Following the example of the UK, where shareholders have an annual non-binding vote on executive compensation, a coalition of union-backed pension funds, religious groups and other "socially-responsible" investors, have launched a campaign for a "say on pay".

More than 100 companies, including blue-chips such as Citi, Morgan Stanley and General Electric, are facing calls for "advisory votes" on pay in the upcoming season of shareholder meetings.

And although investors' proposals to change corporate behaviour rarely gather many votes, last year's "say on pay" requests won a majority of the vote in eight of the 50 companies targeted by campaigners.

According to supporters of greater shareholder involvement in pay decisions, those victories, which included high-profile names such as the telecommunications groups Verizon and Motorola, underline investors' growing interest in the issue.

"We expect that shareholders will be even more concerned this year," says Richard Ferlauto, director of pension and benefit policy at the American Federation of State, County and Municipal Employees - one of the masterminds of the campaign. "When everybody is making money it is fine for the CEO to make lots of money, but when things change, so does shareholder sentiment."

These feelings appear to be spreading to the boardroom. Eight out of 10 outside directors polled by the National Association of Corporate Directors said chief executives were overpaid.

Opponents of such arguments maintain that forcing companies to submit to an annual referendum on executive pay flies in the face of the principle that it is the board's responsibility to decide how to remunerate the top managers.

Some argue that the vibrancy of US capitalism has been underpinned by an entrepreneurial spirit that can be nurtured only by promising large rewards to the winners of the corporate race.

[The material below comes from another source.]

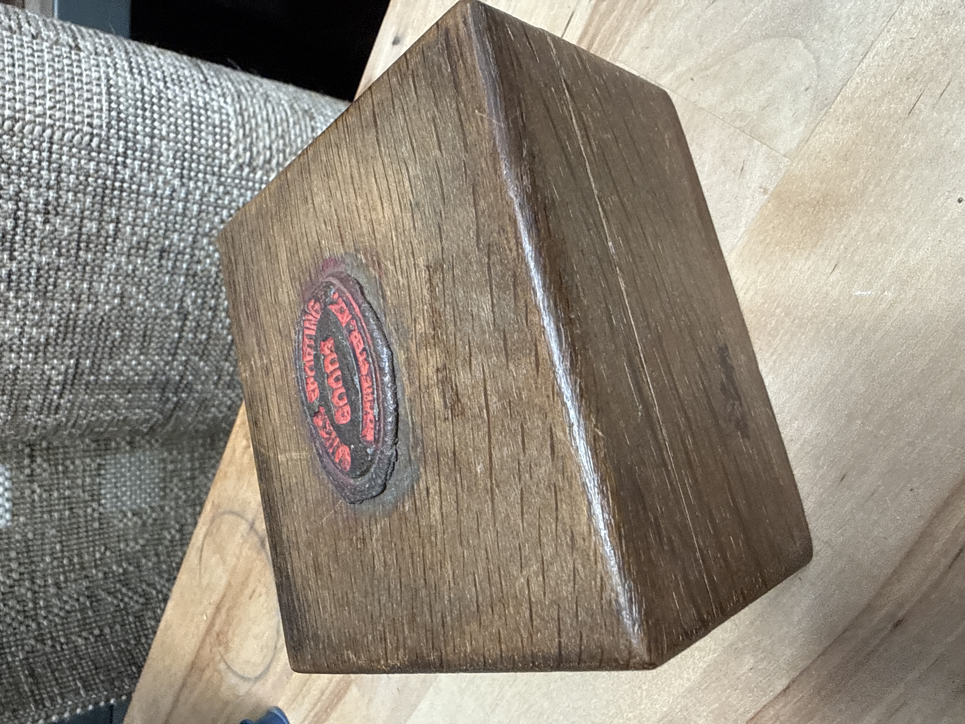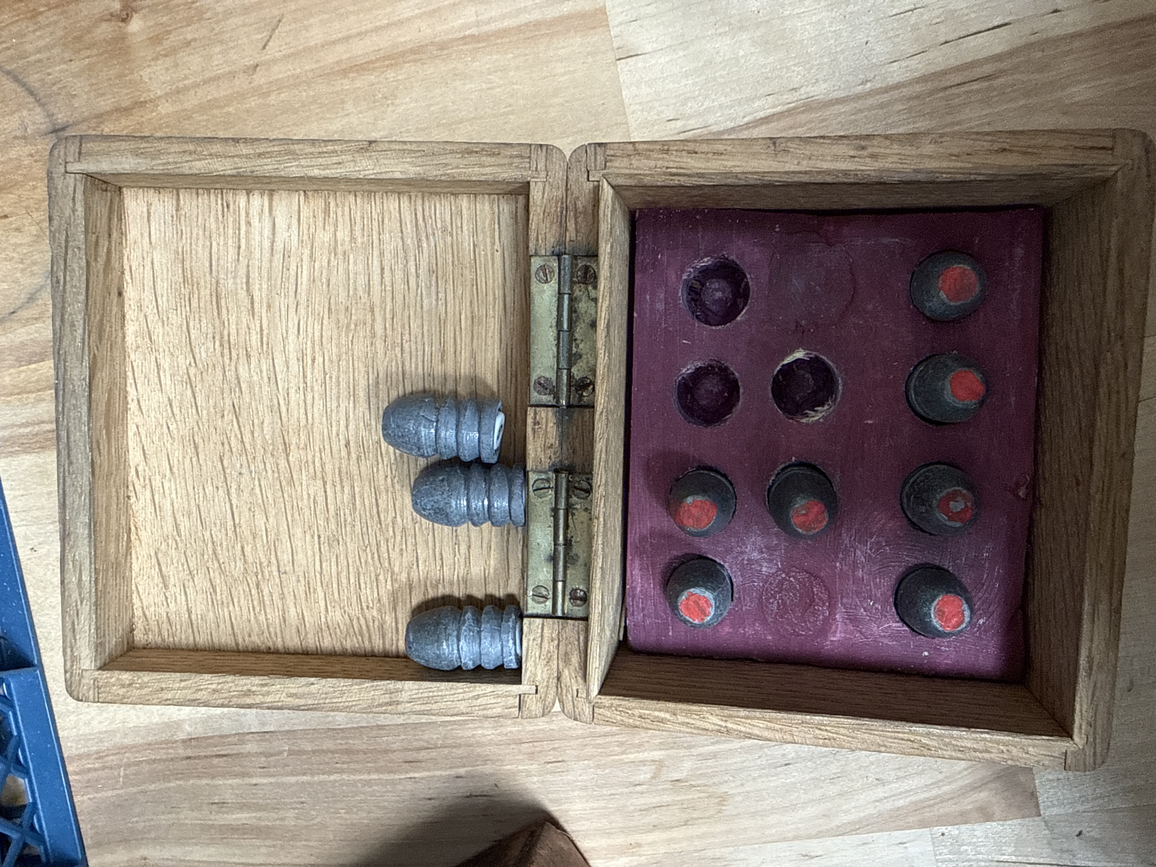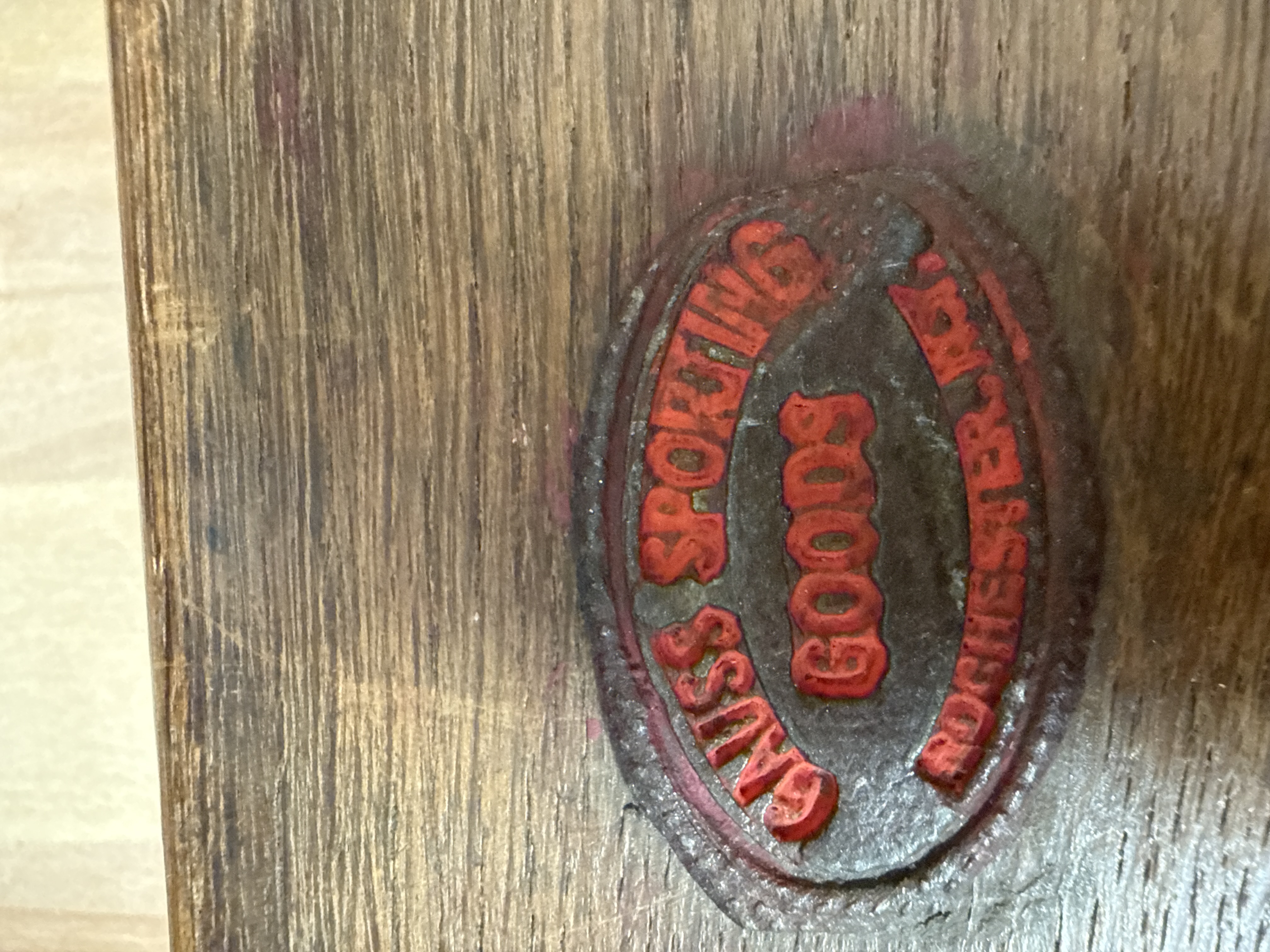 A collection of vintage cast lead projectiles presented within a rectangular wooden storage box. The projectiles are of cylindrical form with grooved sides and rounded tips, several of which feature a red-coloured coating to the ends. The wooden box is constructed with a hinged lid and features an oval-shaped brand to the exterior finished in red lettering, reading GAUSS SPORTING GOODS ROCHESTER, N.Y. The interior of the box contains a purple foam insert with pre-cut circular slots designed to house the projectiles.

Proponents of this view argue the "say on pay" campaign is just an attempt by left-wing investors to advance their causes at the expense of management and other investors.

In a recent memo to clients, lawyers at Wachtell, Lipton, Rosen & Katz, a firm famous for its prestigious roster of corporate clients, urged companies to fight back against the rising tide of discontent against executive compensation.

"Compensation committees will need to weigh pay-for-performance principles against the need to attract and retain employees," they wrote.

But the issue has caught the attention of influential politicians such as Barney Frank, the Massachussets Democrat who chairs the House Financial Services Committee. Last year, the US House of Representatives passed a bill requiring companies to hold advisory votes on executive compensation.

The measure was never ratified by the Senate, but many in the corporate world fear a Democratic landslide in the November elections could bring executive pay back to on to the legislative agenda.

"The last thing we need is Sarbanes Oxley-style legislation on executive compensation," says a senior executive at a large US company.

But even if Congress refrains from launching into diatribe on compensation, America's bosses are unlikely to be able to enjoy their rewards in the same way as in the past.

As their pay becomes a matter of public interest, executives will be increasingly required to make a positive case for their salaries and bonuses. Keeping quiet about executive pay is, as Mr Prince and Mr O'Neal would testify, no longer an option.